_EXERCISE INSTRUCTIONS_. Write the records below out again word for word, with the pictures removed.

_SOURCE DATA_.
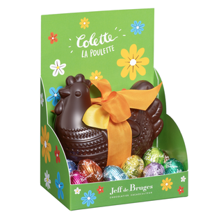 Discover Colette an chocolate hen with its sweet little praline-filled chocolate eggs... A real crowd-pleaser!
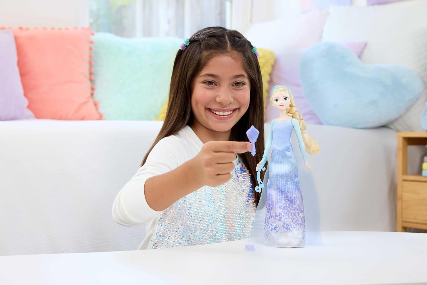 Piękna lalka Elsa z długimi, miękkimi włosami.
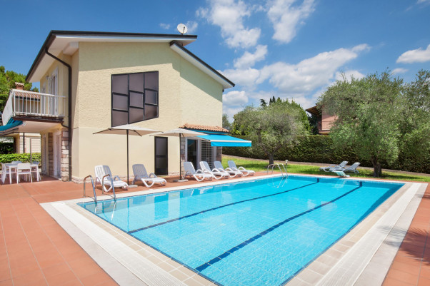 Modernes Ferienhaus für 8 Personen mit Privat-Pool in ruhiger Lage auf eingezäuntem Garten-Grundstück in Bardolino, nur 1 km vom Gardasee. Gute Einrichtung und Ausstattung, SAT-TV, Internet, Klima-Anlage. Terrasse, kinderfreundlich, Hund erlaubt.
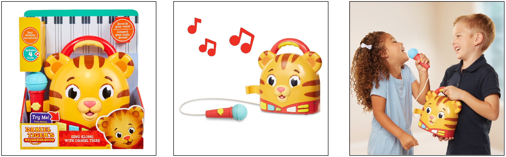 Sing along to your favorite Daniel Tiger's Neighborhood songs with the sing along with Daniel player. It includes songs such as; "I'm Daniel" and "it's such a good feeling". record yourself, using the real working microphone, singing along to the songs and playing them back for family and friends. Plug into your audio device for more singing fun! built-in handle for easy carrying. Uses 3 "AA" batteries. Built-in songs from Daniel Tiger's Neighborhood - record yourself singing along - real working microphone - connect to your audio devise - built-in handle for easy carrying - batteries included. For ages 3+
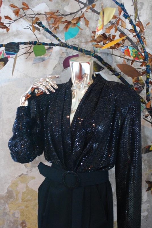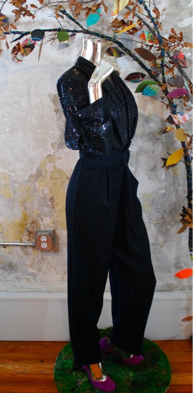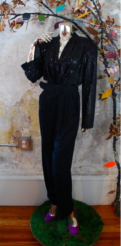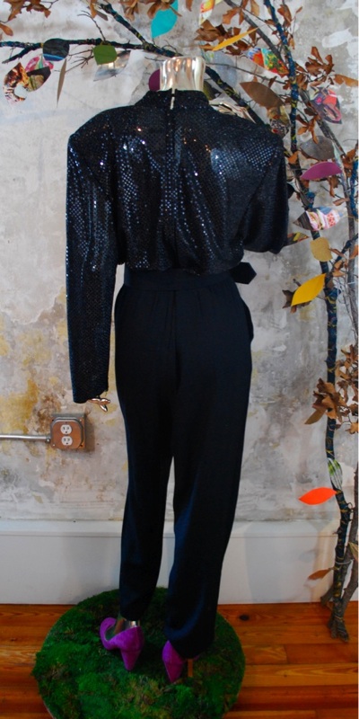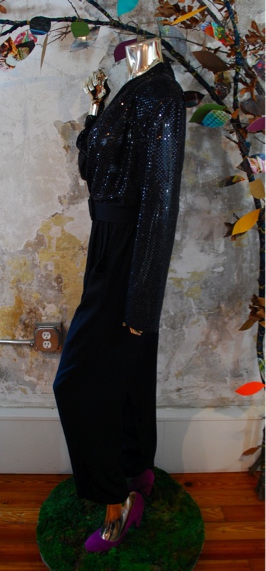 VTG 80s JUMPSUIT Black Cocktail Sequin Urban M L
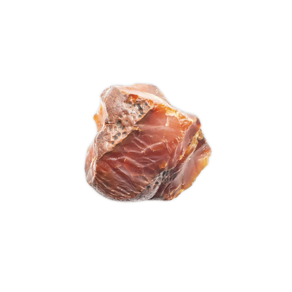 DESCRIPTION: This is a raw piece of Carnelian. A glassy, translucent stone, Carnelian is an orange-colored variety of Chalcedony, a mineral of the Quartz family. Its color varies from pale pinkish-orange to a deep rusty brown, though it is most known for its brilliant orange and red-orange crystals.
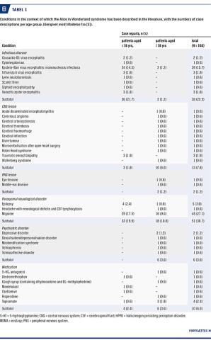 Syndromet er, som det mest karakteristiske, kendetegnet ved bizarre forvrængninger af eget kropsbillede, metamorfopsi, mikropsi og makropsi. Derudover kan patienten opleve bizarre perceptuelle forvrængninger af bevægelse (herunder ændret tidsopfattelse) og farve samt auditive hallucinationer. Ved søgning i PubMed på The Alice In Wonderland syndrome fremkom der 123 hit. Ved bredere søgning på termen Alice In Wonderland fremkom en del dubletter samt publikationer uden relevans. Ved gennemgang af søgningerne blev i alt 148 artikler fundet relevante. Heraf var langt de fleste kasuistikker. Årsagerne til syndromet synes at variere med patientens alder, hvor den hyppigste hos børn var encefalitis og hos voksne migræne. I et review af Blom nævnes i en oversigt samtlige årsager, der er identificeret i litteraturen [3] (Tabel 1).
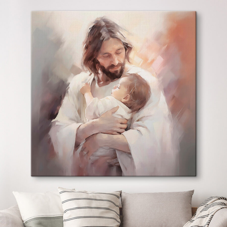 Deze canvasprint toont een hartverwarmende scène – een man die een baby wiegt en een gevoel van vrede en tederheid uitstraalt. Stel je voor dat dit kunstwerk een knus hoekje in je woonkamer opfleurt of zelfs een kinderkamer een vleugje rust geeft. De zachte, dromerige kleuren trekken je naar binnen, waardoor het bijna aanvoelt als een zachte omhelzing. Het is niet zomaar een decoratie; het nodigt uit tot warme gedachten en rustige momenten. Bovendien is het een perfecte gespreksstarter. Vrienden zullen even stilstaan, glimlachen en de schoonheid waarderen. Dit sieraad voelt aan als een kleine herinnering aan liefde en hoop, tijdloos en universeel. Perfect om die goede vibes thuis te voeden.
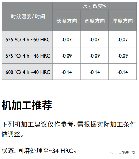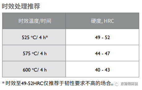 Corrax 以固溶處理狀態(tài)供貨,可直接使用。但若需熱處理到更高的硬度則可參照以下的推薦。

_ANSWER SECTION_.
 Discover Colette an chocolate hen with its sweet little praline-filled chocolate eggs... A real crowd-pleaser!
 Piękna lalka Elsa z długimi, miękkimi włosami.
 Modernes Ferienhaus für 8 Personen mit Privat-Pool in ruhiger Lage auf eingezäuntem Garten-Grundstück in Bardolino, nur 1 km vom Gardasee. Gute Einrichtung und Ausstattung, SAT-TV, Internet, Klima-Anlage. Terrasse, kinderfreundlich, Hund erlaubt.
 Sing along to your favorite Daniel Tiger's Neighborhood songs with the sing along with Daniel player. It includes songs such as; "I'm Daniel" and "it's such a good feeling". record yourself, using the real working microphone, singing along to the songs and playing them back for family and friends. Plug into your audio device for more singing fun! built-in handle for easy carrying. Uses 3 "AA" batteries. Built-in songs from Daniel Tiger's Neighborhood - record yourself singing along - real working microphone - connect to your audio devise - built-in handle for easy carrying - batteries included. For ages 3+
 VTG 80s JUMPSUIT Black Cocktail Sequin Urban M L
 DESCRIPTION: This is a raw piece of Carnelian. A glassy, translucent stone, Carnelian is an orange-colored variety of Chalcedony, a mineral of the Quartz family. Its color varies from pale pinkish-orange to a deep rusty brown, though it is most known for its brilliant orange and red-orange crystals.
 Syndromet er, som det mest karakteristiske, kendetegnet ved bizarre forvrængninger af eget kropsbillede, metamorfopsi, mikropsi og makropsi. Derudover kan patienten opleve bizarre perceptuelle forvrængninger af bevægelse (herunder ændret tidsopfattelse) og farve samt auditive hallucinationer. Ved søgning i PubMed på The Alice In Wonderland syndrome fremkom der 123 hit. Ved bredere søgning på termen Alice In Wonderland fremkom en del dubletter samt publikationer uden relevans. Ved gennemgang af søgningerne blev i alt 148 artikler fundet relevante. Heraf var langt de fleste kasuistikker. Årsagerne til syndromet synes at variere med patientens alder, hvor den hyppigste hos børn var encefalitis og hos voksne migræne. I et review af Blom nævnes i en oversigt samtlige årsager, der er identificeret i litteraturen [3] (Tabel 1).
 Deze canvasprint toont een hartverwarmende scène – een man die een baby wiegt en een gevoel van vrede en tederheid uitstraalt. Stel je voor dat dit kunstwerk een knus hoekje in je woonkamer opfleurt of zelfs een kinderkamer een vleugje rust geeft. De zachte, dromerige kleuren trekken je naar binnen, waardoor het bijna aanvoelt als een zachte omhelzing. Het is niet zomaar een decoratie; het nodigt uit tot warme gedachten en rustige momenten. Bovendien is het een perfecte gespreksstarter. Vrienden zullen even stilstaan, glimlachen en de schoonheid waarderen. Dit sieraad voelt aan als een kleine herinnering aan liefde en hoop, tijdloos en universeel. Perfect om die goede vibes thuis te voeden.
 Corrax 以固溶處理狀態(tài)供貨,可直接使用。但若需熱處理到更高的硬度則可參照以下的推薦。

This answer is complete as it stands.